Add individuals to the live population. Add individuals to the evaluated_individuals if they are not already there.

Parameters:

individuals : {list of BaseIndividuals} The individuals to add to the live population. keep_repeats : {bool}, default=False If True, allow the population to have repeated individuals. If False, only add individuals that have not yet been added to geneology.

Source code in tpot2/population.py
def add_to_population(self, individuals: typing.List[BaseIndividual], rng, keep_repeats=False, mutate_until_unique=True):
    '''
    Add individuals to the live population. Add individuals to the evaluated_individuals if they are not already there.

    Parameters:
    -----------
    individuals : {list of BaseIndividuals}
        The individuals to add to the live population.
    keep_repeats : {bool}, default=False
        If True, allow the population to have repeated individuals.
        If False, only add individuals that have not yet been added to geneology.
    '''

    rng = np.random.default_rng(rng)

    if not isinstance(individuals, collections.abc.Iterable):
        individuals = [individuals]

    new_individuals = []
    #TODO check for proper inputs
    for individual in individuals:
        key = individual.unique_id()

        if key not in self.evaluated_individuals.index: #If its new, we always add it
            self.evaluated_individuals.loc[key] = np.nan
            self.evaluated_individuals.loc[key,"Individual"] = copy.deepcopy(individual)
            self.population.append(individual)
            new_individuals.append(individual)

        else:#If its old
            if keep_repeats: #If we want to keep repeats, we add it
                self.population.append(individual)
                new_individuals.append(individual)
            elif mutate_until_unique: #If its old and we don't want repeats, we can optionally mutate it until it is unique
                for _ in range(20):
                    individual = copy.deepcopy(individual)
                    individual.mutate(rng=rng)
                    key = individual.unique_id()
                    if key not in self.evaluated_individuals.index:
                        self.evaluated_individuals.loc[key] = np.nan
                        self.evaluated_individuals.loc[key,"Individual"] = copy.deepcopy(individual)
                        self.population.append(individual)
                        new_individuals.append(individual)
                        break

    return new_individuals

create_offspring(parents_list, var_op_list, rng, add_to_population=True, keep_repeats=False, mutate_until_unique=True, n_jobs=1)
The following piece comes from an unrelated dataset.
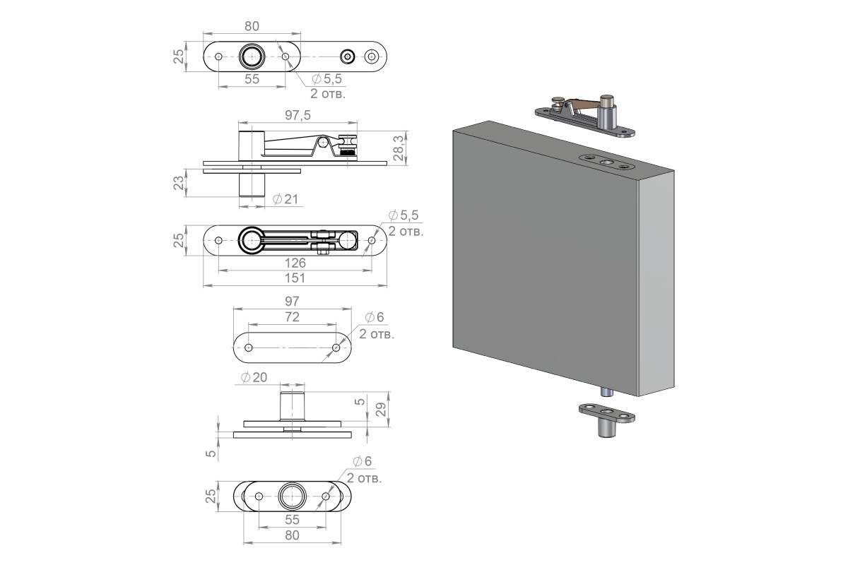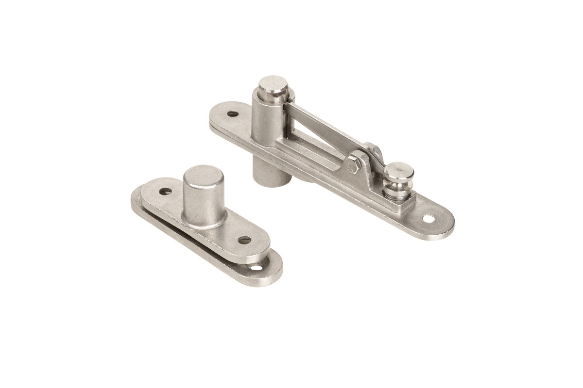 Комплект для маятниковых дверей состоит из верхней и нижней пететь. Подходят для деревянных дверей шириной до 1 500 мм. и высотой до 2 800 мм. весом до 100 кг. Петли без функции довода и фиксацию 90°.

parents_list: a list of lists of parents. var_op_list: a list of var_ops to apply to each list of parents. Should be the same length as parents_list.

for example: parents_list = [[parent1, parent2], [parent3]] var_op_list = ["crossover", "mutate"]

This will apply crossover to parent1 and parent2 and mutate to parent3.

Creates offspring from parents using the var_op_list. If string, will use a built in method - "crossover" : crossover - "mutate" : mutate - "mutate_and_crossover" : mutate_and_crossover - "cross_and_mutate" : cross_and_mutate

Source code in tpot2/population.py
def create_offspring(self, parents_list, var_op_list, rng, add_to_population=True, keep_repeats=False, mutate_until_unique=True, n_jobs=1):
    '''
    parents_list: a list of lists of parents.
    var_op_list: a list of var_ops to apply to each list of parents. Should be the same length as parents_list.

    for example:
    parents_list = [[parent1, parent2], [parent3]]
    var_op_list = ["crossover", "mutate"]

    This will apply crossover to parent1 and parent2 and mutate to parent3.

    Creates offspring from parents using the var_op_list.
    If string, will use a built in method
        - "crossover" : crossover
        - "mutate" : mutate
        - "mutate_and_crossover" : mutate_and_crossover
        - "cross_and_mutate" : cross_and_mutate
    '''
    rng = np.random.default_rng(rng)
    new_offspring = []
    all_offspring = parallel_create_offspring(parents_list, var_op_list, rng=rng, n_jobs=n_jobs)

    for parents, offspring, var_op in zip(parents_list, all_offspring, var_op_list):

        # if var_op in built_in_var_ops_dict:
        #     var_op = built_in_var_ops_dict[var_op]

        # offspring = copy.deepcopy(parents)
        # offspring = var_op(offspring)
        # if isinstance(offspring, collections.abc.Iterable):
        #     offspring = offspring[0]

        if add_to_population:
            added = self.add_to_population(offspring, rng=rng, keep_repeats=keep_repeats, mutate_until_unique=mutate_until_unique)
            if len(added) > 0:
                for new_child in added:
                    parent_keys = [parent.unique_id() for parent in parents]
                    if not pd.api.types.is_object_dtype(self.evaluated_individuals["Parents"]): #TODO Is there a cleaner way of doing this? Not required for some python environments?
                        self.evaluated_individuals["Parents"] = self.evaluated_individuals["Parents"].astype('object')
                    if not pd.api.types.is_object_dtype(self.evaluated_individuals["Variation_Function"]):#TODO Is there a cleaner way of doing this? Not required for some python environments?
                        self.evaluated_individuals["Variation_Function"] = self.evaluated_individuals["Variation_Function"].astype('object')
                    self.evaluated_individuals.at[new_child.unique_id(),"Parents"] = tuple(parent_keys)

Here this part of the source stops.